U.S. high school students support First Amendment protections for “unpopular” free speech but feel increasingly uncomfortable with allowing “offensive” opinions, according to a survey released Tuesday.
Nearly 9 in 10 student respondents (89%) to the Knight Foundation survey said that “people should be allowed to express unpopular opinions” under the Constitution.
That level of support has stayed consistent since Knight started polling high school students in 2004, the nonprofit group said.
“Our findings show students still want to be exposed to a wide range of opinions and ideas, and are comfortable voicing disagreement in class,” Evette Alexander, Knight’s director of learning and impact, said in an email.
But only 40% said that “people should be allowed to say whatever they want in public, even if what they say is offensive to others.” That’s down from 45% in Knight’s surveys in 2016 and 2018.
“Perhaps it reflects disdain for personal bullying, something that age group undoubtedly experiences in person or on social media all the time,” Bruce Hausknecht, a policy analyst at the conservative Focus on the Family, said in an email.
“Nevertheless, given our culture’s drift toward calling every unpopular opinion ‘offensive’ to someone, the study reveals a potential weakness in attitudes of that age group that could impact free speech going forward,” Mr. Hausknecht added.

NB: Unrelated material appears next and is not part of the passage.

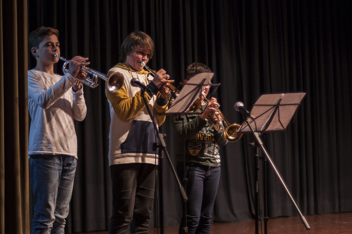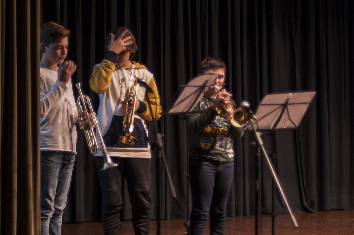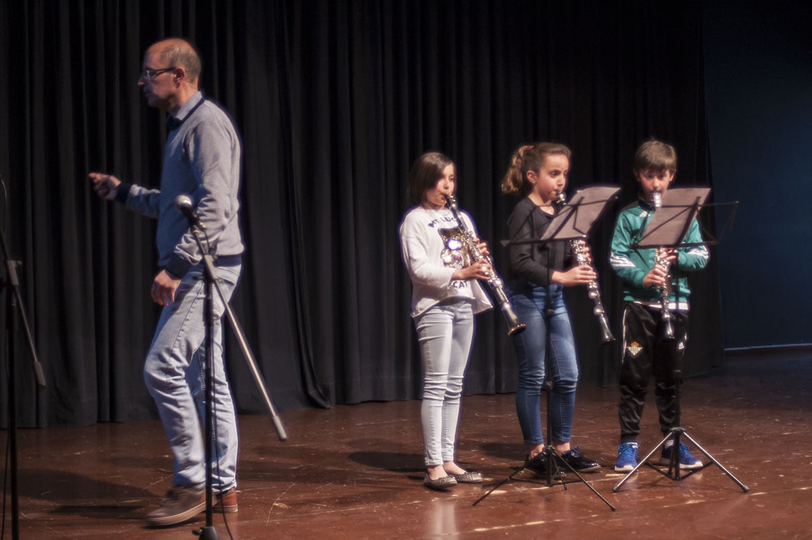 Las niñas y niños de los Talleres de Música y Movimiento del Conservatorio Alonso Salas Machuca de Estepa celebró ayer la Navidad con su tradicional audición de música. Villancicos y rock mezclados en las flautas y cánticos de los pequeños.

Knight’s survey is the eighth in a research series on high school students’ attitudes toward free speech and the First Amendment.
“In every survey we have conducted since 2004, we found that students who have taken classes that include First Amendment content tend to be more supportive of free speech rights than those who have had no such coursework,” Knight states in a summary of this year’s findings.
“Students in racial minority groups, women and non-binary students are less likely to feel they are protected by the First Amendment than white and male students,” the summary adds.
Knight reported that high school students of all backgrounds have become more sensitive to offensive language in recent years amid the COVID pandemic, racial justice protests and school curriculum battles.
This year’s survey found that 56% said they support the rights of musicians to “sing songs with offensive lyrics.” That’s down from 66% of survey respondents in 2018 and 70% in 2004.
However, 57% said news organizations should be able to “publish without government censorship,” and 59% said the same of people posting on social media.
In addition, 60% said they believe teachers or administrators should not be able to punish them for social media posts.
Laura Linn Knight, an Arizona-based parenting coach, said the survey confirms that “not all teenagers feel safe expressing themselves.”
“It is important for teenagers to have the right to express themselves and be protected and safe,” Mrs. Knight said. “This is critical for their brain development, connections within communities [and] potential for making positive changes.”
The Knight Foundation funds community, journalism and arts grants. It said it conducts the “Future of the First Amendment” survey to inform schools about students’ views on free speech.
Using questionnaires, Knight surveyed 10,098 high school students from November 2021 to February 2022. The margin of error was plus or minus 1 percentage point at the 95% confidence level.